A visual representation of the dependency of the median value of
owner-occupied homes on proportion of owner-occupied units constructed
before 1940 in the Boston Housing dataset.




# ggsave("./Figures/scatter.pdf", width=10, height=3.5)
We see that there is a general trend where older homes tend to have
lower values, with exceptions likely due to survivor bias: older homes
that remain tend to be of higher structural quality. This dataset
provides an test case for SLGP modeling, offering a compact,
one-dimensional covariate space, heterogeneously distributed data, and
shifting distributional shapes.
SLGP model specifications
To model the distributional changes observed in the Boston Housing
dataset, we now introduce the Spatial Logistic Gaussian Process (SLGP)
model. SLGPs provide a flexible non-parametric framework for modeling
spatially dependent probability densities. By transforming a Gaussian
Process (GP) through exponentiation and normalization, SLGPs ensure
positivity and integration to one, making them well-suited for density
estimation.
Prior
library(SLGP)

modelPrior <- slgp(medv~age, # Use a formula to specify predictors VS response
                   # Can use medv~. for all variables,
                   # Or medv ~ age + var2 + var3 for more variables
                   data=df,
                   method="none", #Maximum a posteriori estimation scheme
                   basisFunctionsUsed = "RFF",
                   interpolateBasisFun="WNN", # Accelerate inference
                   hyperparams = list(lengthscale=c(0.15, 0.15), 
                                      # Applied to normalised data
                                      # So 0.15 is 15% of the range of values
                                      sigma2=1), 
                   # Will be re-selected with sigmaEstimationMethod
                   sigmaEstimationMethod = "heuristic", # Set to heuristic for numerical stability                 
                   predictorsLower= c(range_x[1]),
                   predictorsUpper= c(range_x[2]),
                   responseRange= range_response,
                   opts_BasisFun = list(nFreq=200,
                                        MatParam=5/2),
                   seed=1)


library(tidyr)
nrep <- 3
set.seed(8)
p <- ncol(modelPrior@coefficients)
modelPrior@coefficients <- matrix(rnorm(n=nrep*p), nrow=nrep)

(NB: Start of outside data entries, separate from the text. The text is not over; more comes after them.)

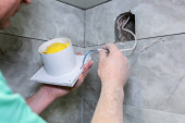 Zdjęcie "Facet robi wentylator w łazience. Proces przywracania. Śrubokręt w rękach." może być wykorzystywane do celów osobistych i komercyjnych zgodnie z warunkami zakupionej licencji Royalty-free. Obraz jest dostępny do pobrania w jakości wysokiej rozdzielczości do 5760x3840.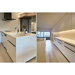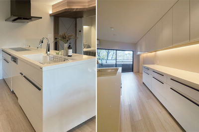 3LDKを2LDKに変更しお好みの使い勝手を創出し、明るく広がりのある空間に。間接照明を随所に取り入れて、モダンでラグジュアリーな住まいを実現しました。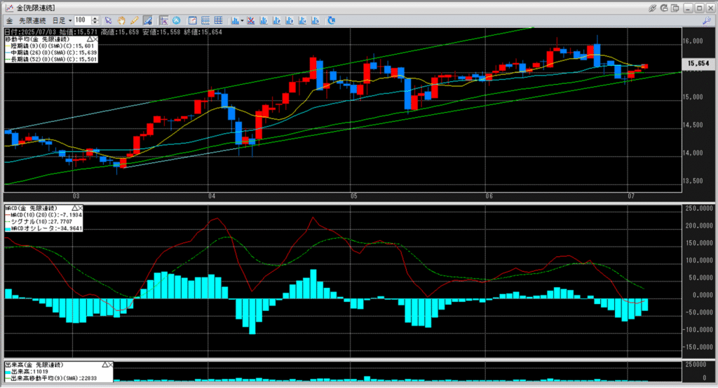 移動平均の短期線は下向き、中期線は上向き、長期線は上向きとなっています。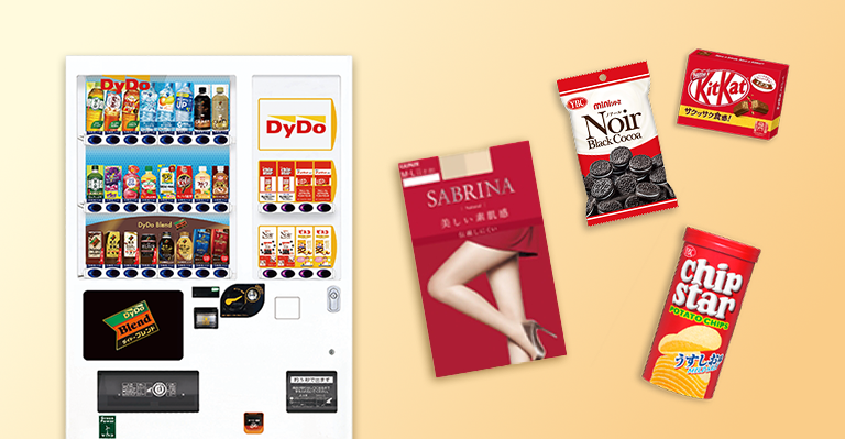 お菓子や軽食類はもちろん、生理用ナプキンやストッキングも販売可能です。 -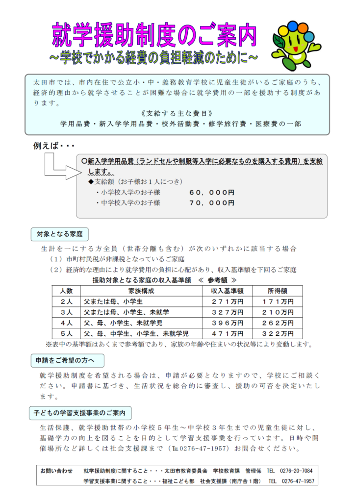 就学援助・入学準備金を増額 支給時期も前倒し 給食は第2子半額に
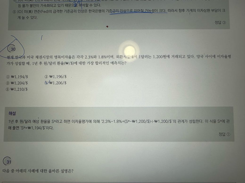 해당 문제의 답안이 잘 못 나온 것 같습니다. 0.5%이기 때문에 -0.5%가 되는 4번 1194원이 아닌 1번 1206원이 정답이 맞습니다.

dfGrid <- data.frame(expand.grid(seq(range_x[1], range_x[2], 5), 
                                 seq(range_response[1], range_response[2],, 101)))
colnames(dfGrid) <- c("age", "medv")
predPrior <- predictSLGP_newNode(SLGPmodel=modelPrior,
                                 newNodes = dfGrid)
colnames(predPrior) <- c("age", "medv", paste0("Draw from the prior n°", seq(nrep)))
predPrior <- predPrior%>%
  pivot_longer(-c("age", "medv"))
scale_factor <- 200
ggplot()  +
  labs(y = "Proportion of owner-occupied units built prior to 1940 [AGE, %]", 
       x = "Median value of owner-occupied homes [MEDV, k$]",
       title = "Samples from the SLGP Prior for the pdfs of MEDV at AGE, visualised across slices") +
  theme_bw()+
  geom_ribbon(data=predPrior,
              mapping=aes(x=medv, ymax=scale_factor*value+age, 
                          ymin=age, group=-age, fill=age),
              col="grey", alpha=0.9)+
  # geom_point(data=df,
  #            mapping=aes(x = medv, y = age), alpha = 0.5, color = "navy")+
  scale_fill_viridis(option = "plasma",
                     guide = guide_colorbar(nrow = 1,
                                            title = "Indexing variable: Proportion of owner-occupied units built prior to 1940",
                                            barheight = unit(2, units = "mm"),
                                            barwidth = unit(55, units = "mm"),
                                            title.position = 'top',
                                            label.position = "bottom",
                                            title.hjust = 0.5))+
  theme(legend.position = "bottom")+
  coord_flip()+
  facet_grid(.~name)




Samples from the SLGP Prior for the pdfs of MEDV at AGE, visualised
across slices.




# ggsave(paste0("./Figures/ribbonsPrior",  ".pdf"), width=10, height=5)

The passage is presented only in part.